Life with Raccoons

Living with teenagers is a lot like living with raccoons. You see them rarely by the light of day. Most often you only hear them skittering and clattering around in the middle of the night, and you wake to find the house in disarray. Things go missing and turn up in the most illogical places. Remnants of their snacks are left scattered in the living room or found stashed around the nest, tempting other vermin to the party. If you do encounter one and make a suggestion as to how they should amend their behavior, you just get the blank stare. At best, they will pretend to comply, but the charade is dropped or the lesson forgotten as soon as you're not forcing the issue. There seems to be no end to the messes, literal and otherwise, you're left to clean up.

Technically, we have neither raccoon nor teen in our house. Our son is officially just beyond his teenage years, though still not old enough for all the privileges of adulthood. But, despite the date on his birth certificate, he's still in the teenage phase of his life. Adult responsibilities and choices are still things to evade at every opportunity. In fact, this is one of the key reasons he came to live with us when he finished high school. His mother's household was strained by his resistance to responsibility, and he needed the space to grow up a little. Looking back, I can see he's made significant strides since then, but our raccoon's not out of the woods yet.

This isn't our first experience with wildlife. Our son has two older sisters who each went through their own struggles on the way to adulthood. Thankfully, they grew out of their striped tails comparatively early and seem to have claimed their adulthood with a firm grasp. But expecting our son to be on pace with his sisters' development would be unfair. Each of our children has had a different set of environmental factors to influence them: different households with parents or stepparents at different stages of their lives, different friends, different schools and teachers, different expectations or pressures laid on them, different opportunities to grow. Beneath the environmental factors, they simply aren't the same people. Personalities, interests, strengths and weaknesses, and ambitions, all are individual, and you just can't assume that everyone will grow at the same rate and in the same ways. There are elements in his nature that may delay our son from accepting his full adulthood, but at the same time, they may feed dimensions of his being we hadn't considered.
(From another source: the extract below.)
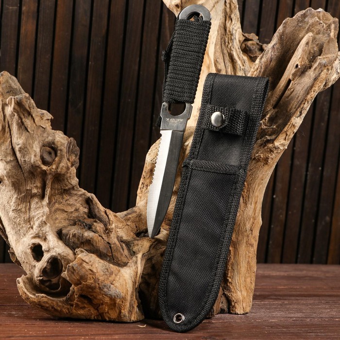 Нож тактический "Альфа" 23см, клинок 110мм/3мм, со стеклобоем, черный

As thoughtless as he may sometimes seem, I know there's a lot going on inside. Like his siblings, he'll be a decent adult when he gets there; he'll just have to do it in his own time.

Meanwhile, I have to balance patience with nudges in the right direction. I'll have to stifle the frustration and remember the good things that counterbalance the temporary raccooniness. Although I've known plenty of raccoons of all ages over the years, in my experience the teenage kind usually grow out of it.

Comments

  1. An odd little bit of synchronicity- after posting this in the morning, I had to supply the book "Rascal" for a request at the library today. "Rascal" (which I read when I was a child)is the story of the author Sterling North's experiences living with a raccoon in his childhood.